START Provided material

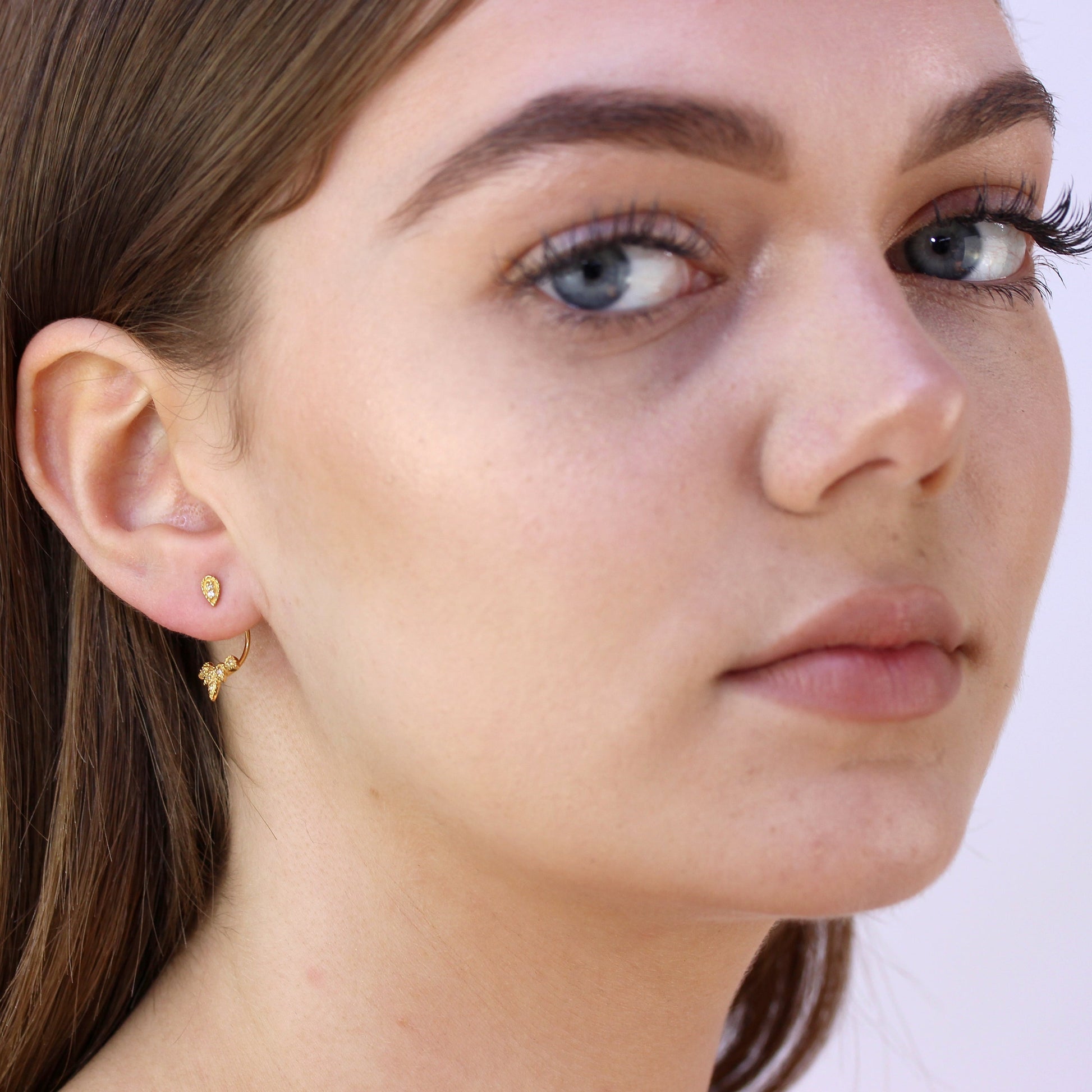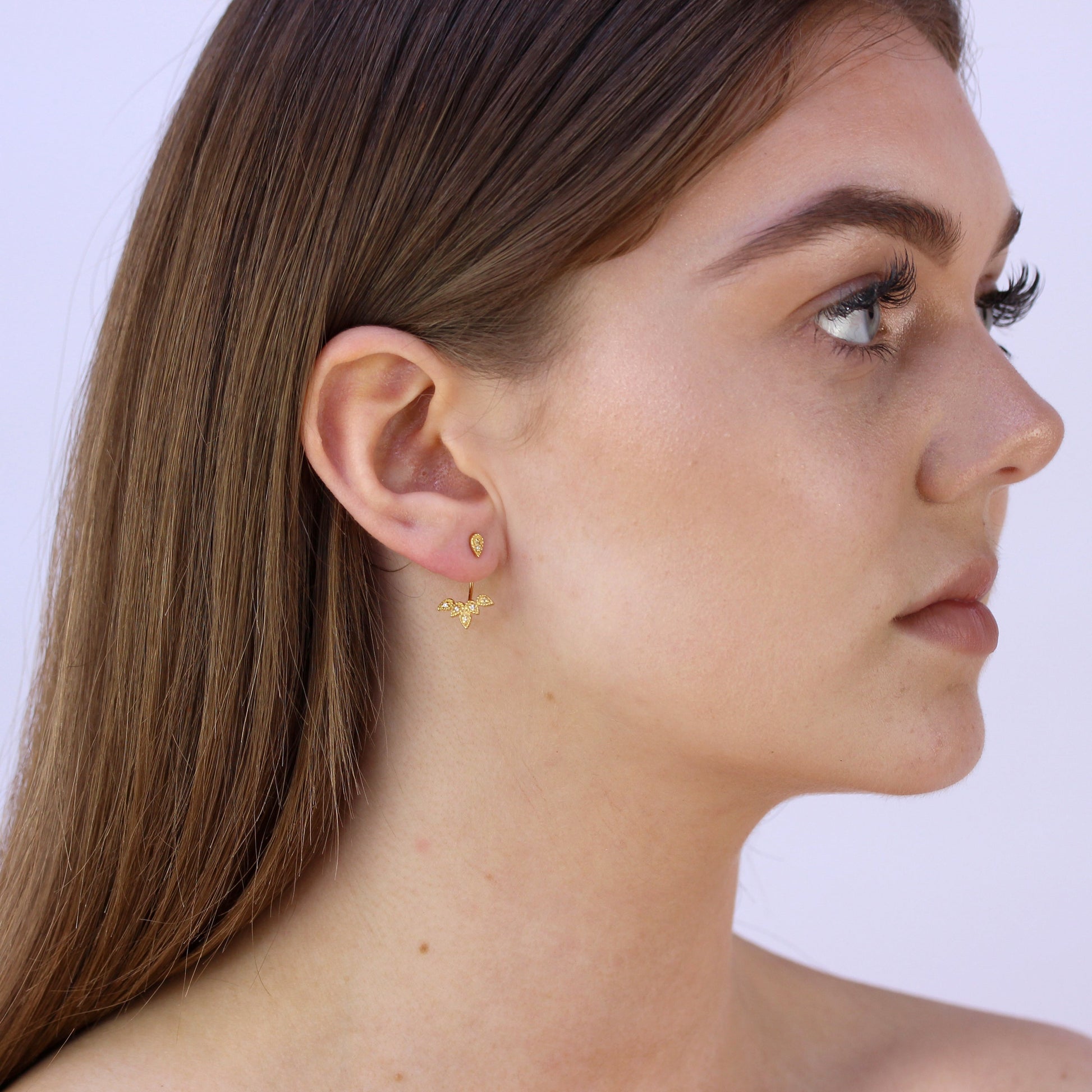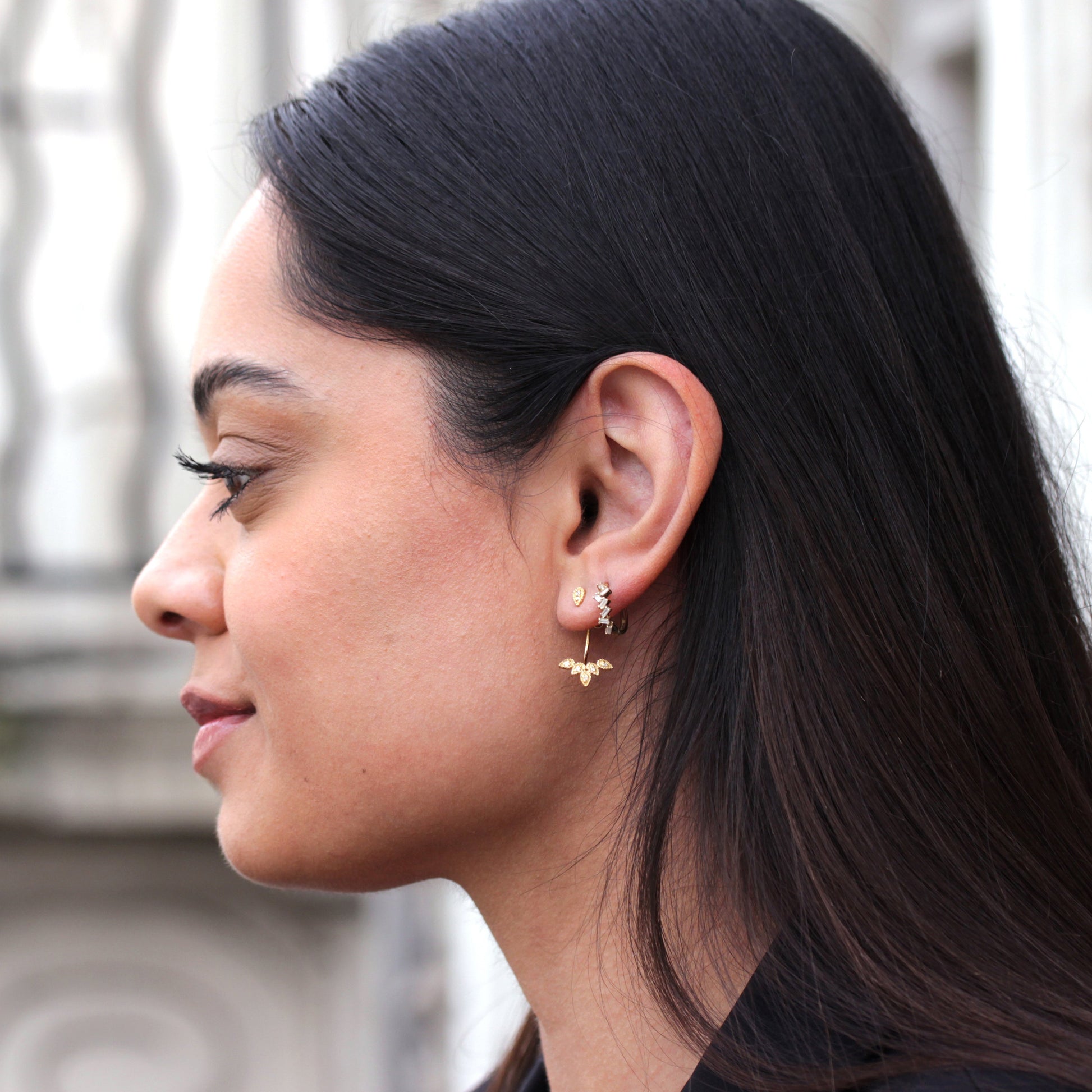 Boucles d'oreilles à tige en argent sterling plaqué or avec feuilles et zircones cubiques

END Provided material
START Provided material

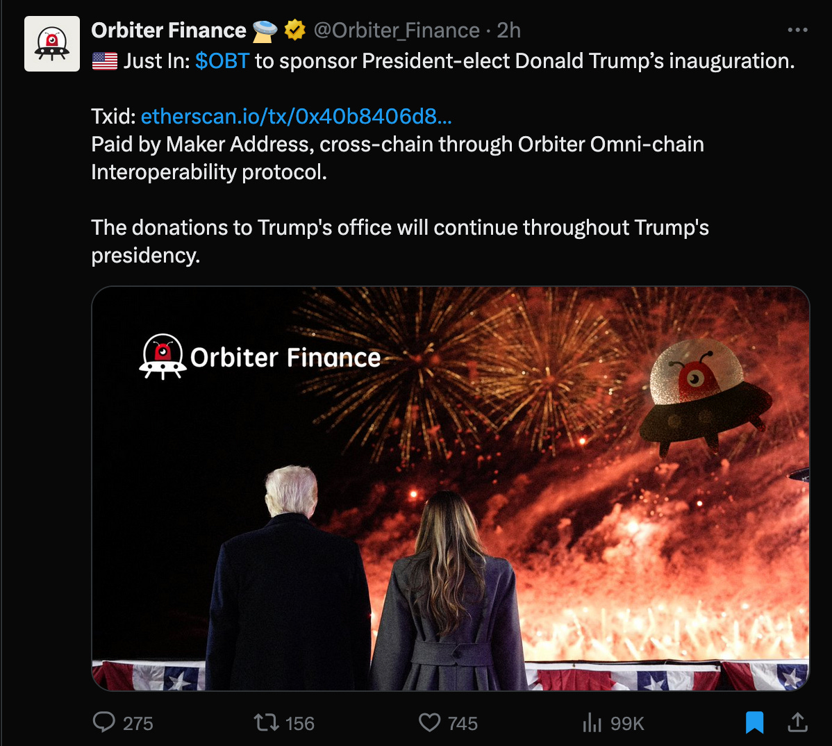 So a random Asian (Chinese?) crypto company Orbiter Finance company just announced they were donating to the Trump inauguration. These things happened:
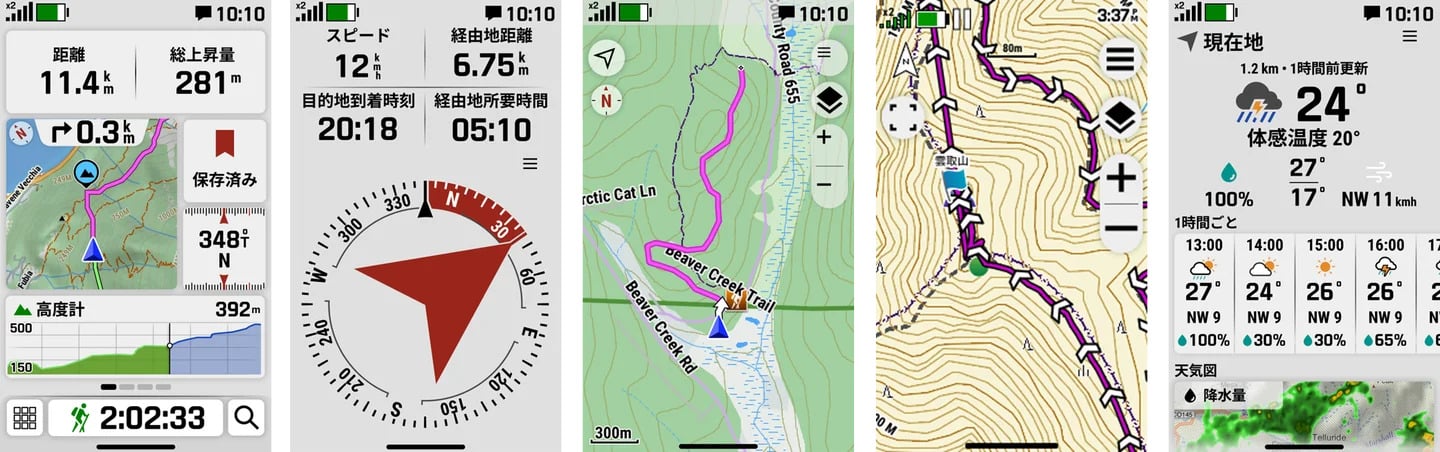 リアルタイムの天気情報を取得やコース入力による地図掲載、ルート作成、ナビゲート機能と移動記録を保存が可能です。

END Provided material

▶ _What you have to do_: In the entries above, find the line containing "So a random" and the line containing "リアルタイムの天気情報を取得"; give again exactly those two lines and every line between them, minus the pictures.

▶ _Response below_:
 So a random Asian (Chinese?) crypto company Orbiter Finance company just announced they were donating to the Trump inauguration. These things happened:
 リアルタイムの天気情報を取得やコース入力による地図掲載、ルート作成、ナビゲート機能と移動記録を保存が可能です。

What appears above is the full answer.